Material provided:
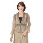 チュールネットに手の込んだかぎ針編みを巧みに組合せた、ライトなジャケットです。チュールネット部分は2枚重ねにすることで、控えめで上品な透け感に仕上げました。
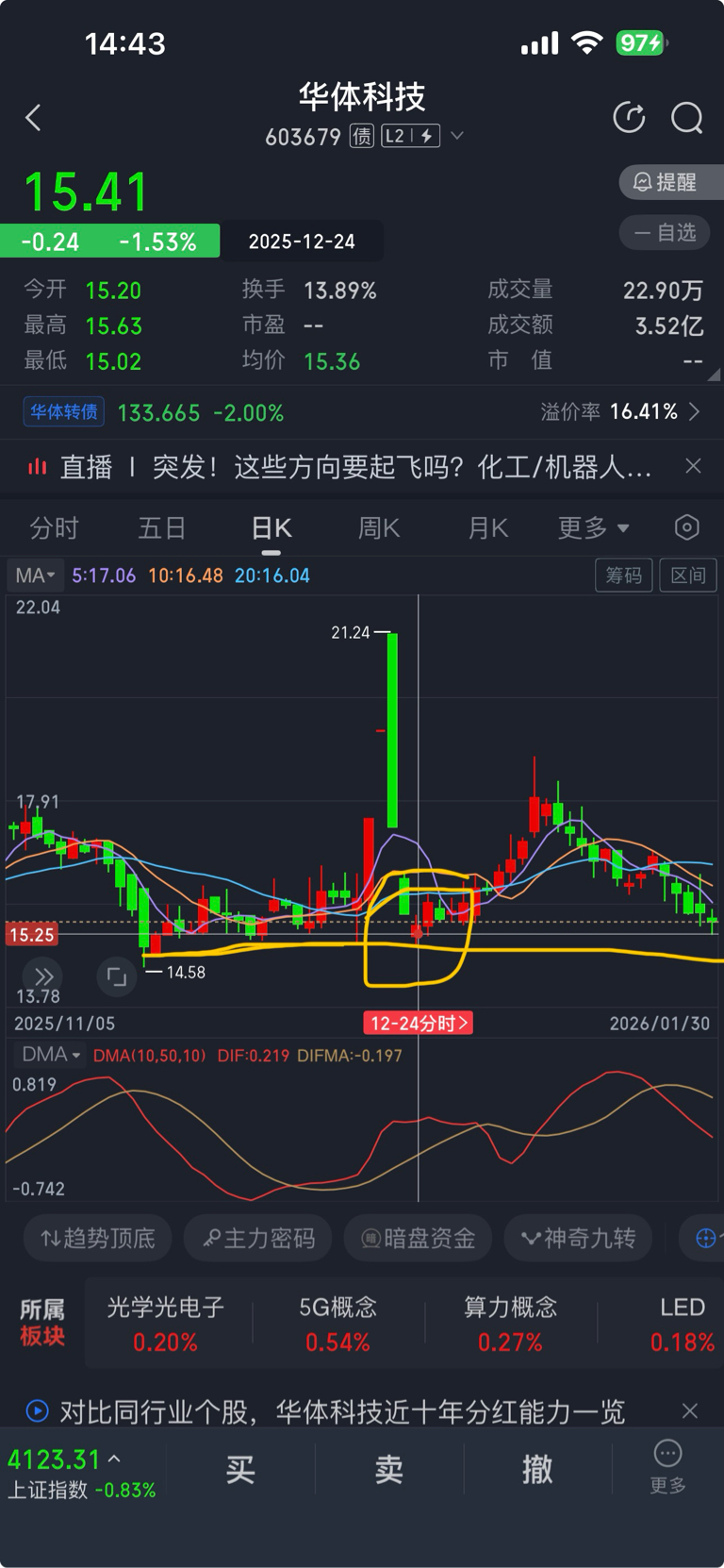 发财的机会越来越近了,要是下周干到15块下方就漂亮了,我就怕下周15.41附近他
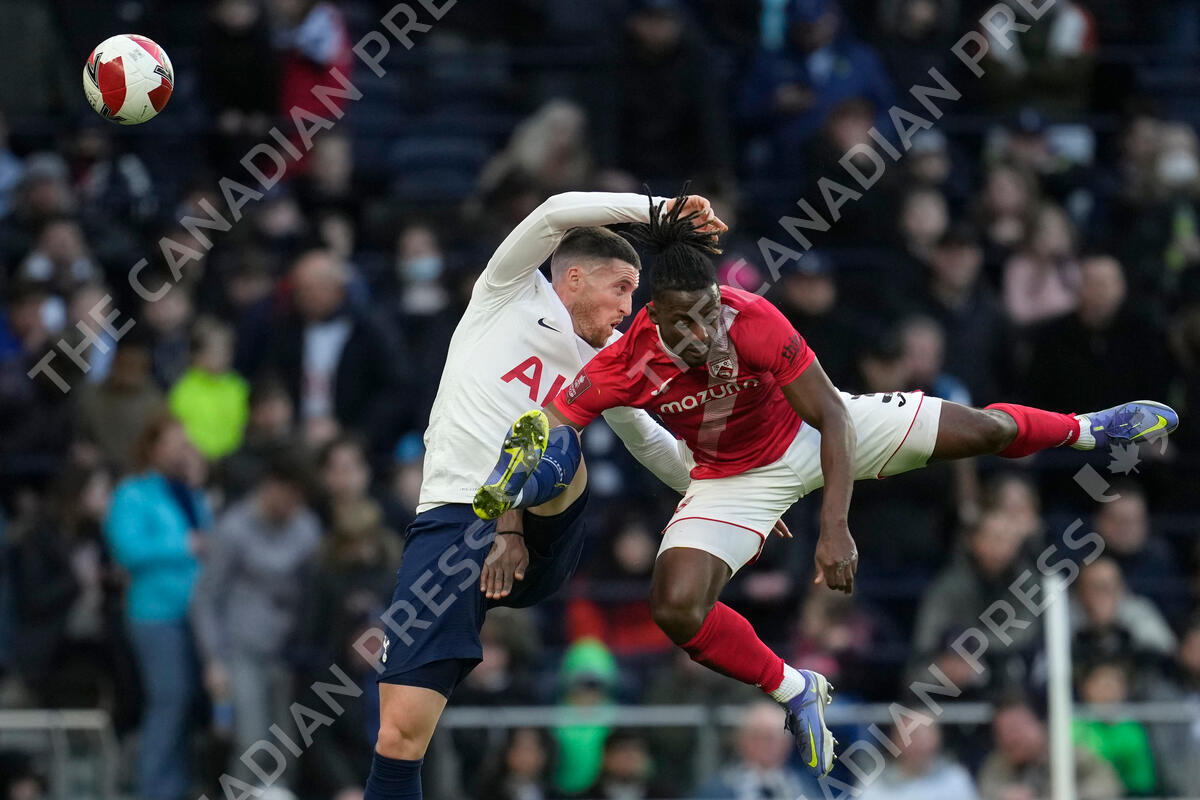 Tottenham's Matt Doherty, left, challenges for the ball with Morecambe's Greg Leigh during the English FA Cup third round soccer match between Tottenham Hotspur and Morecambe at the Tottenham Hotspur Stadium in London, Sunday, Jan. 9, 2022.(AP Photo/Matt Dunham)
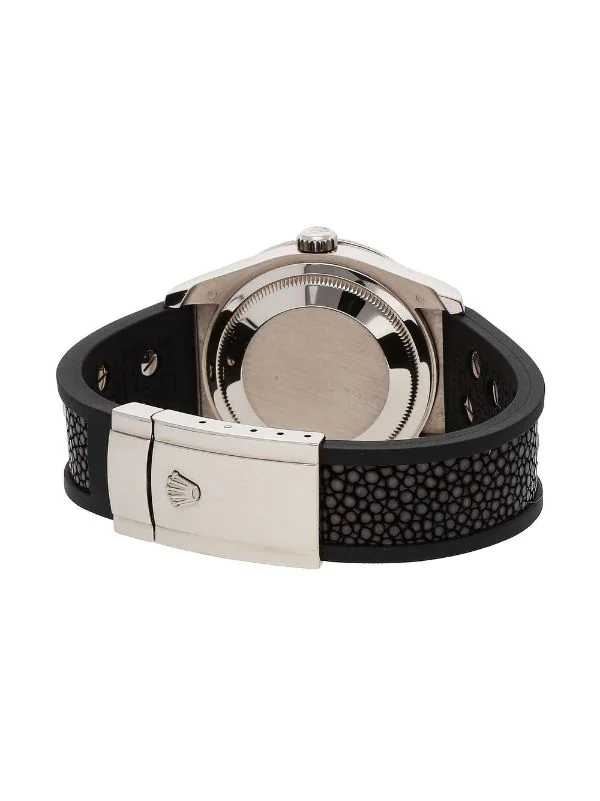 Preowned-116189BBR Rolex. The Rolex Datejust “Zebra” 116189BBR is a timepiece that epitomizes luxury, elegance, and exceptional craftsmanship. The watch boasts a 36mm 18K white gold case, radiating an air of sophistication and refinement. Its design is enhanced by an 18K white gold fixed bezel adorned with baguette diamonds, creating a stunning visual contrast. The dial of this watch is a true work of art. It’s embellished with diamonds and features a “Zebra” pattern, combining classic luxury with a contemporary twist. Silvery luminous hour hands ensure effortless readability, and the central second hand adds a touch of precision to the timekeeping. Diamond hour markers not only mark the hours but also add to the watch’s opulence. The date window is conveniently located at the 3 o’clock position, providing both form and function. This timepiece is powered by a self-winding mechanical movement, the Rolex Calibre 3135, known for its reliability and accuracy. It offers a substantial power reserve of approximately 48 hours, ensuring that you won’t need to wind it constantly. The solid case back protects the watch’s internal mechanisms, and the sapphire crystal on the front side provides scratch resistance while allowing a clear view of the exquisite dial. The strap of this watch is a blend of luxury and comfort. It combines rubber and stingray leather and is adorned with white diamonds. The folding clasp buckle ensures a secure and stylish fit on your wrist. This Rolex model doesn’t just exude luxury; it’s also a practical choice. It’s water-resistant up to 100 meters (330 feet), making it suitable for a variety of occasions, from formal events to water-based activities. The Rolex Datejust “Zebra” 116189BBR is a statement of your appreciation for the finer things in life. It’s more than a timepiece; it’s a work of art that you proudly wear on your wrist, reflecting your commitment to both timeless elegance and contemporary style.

The task:
Print, word for word, the lines above that run from the line containing "发财的机会越来越近了,要是下" to the line containing "Tottenham's Matt Doherty, left, challenges", both included. Keep the pictures out.

Exercise solution:
 发财的机会越来越近了,要是下周干到15块下方就漂亮了,我就怕下周15.41附近他
 Tottenham's Matt Doherty, left, challenges for the ball with Morecambe's Greg Leigh during the English FA Cup third round soccer match between Tottenham Hotspur and Morecambe at the Tottenham Hotspur Stadium in London, Sunday, Jan. 9, 2022.(AP Photo/Matt Dunham)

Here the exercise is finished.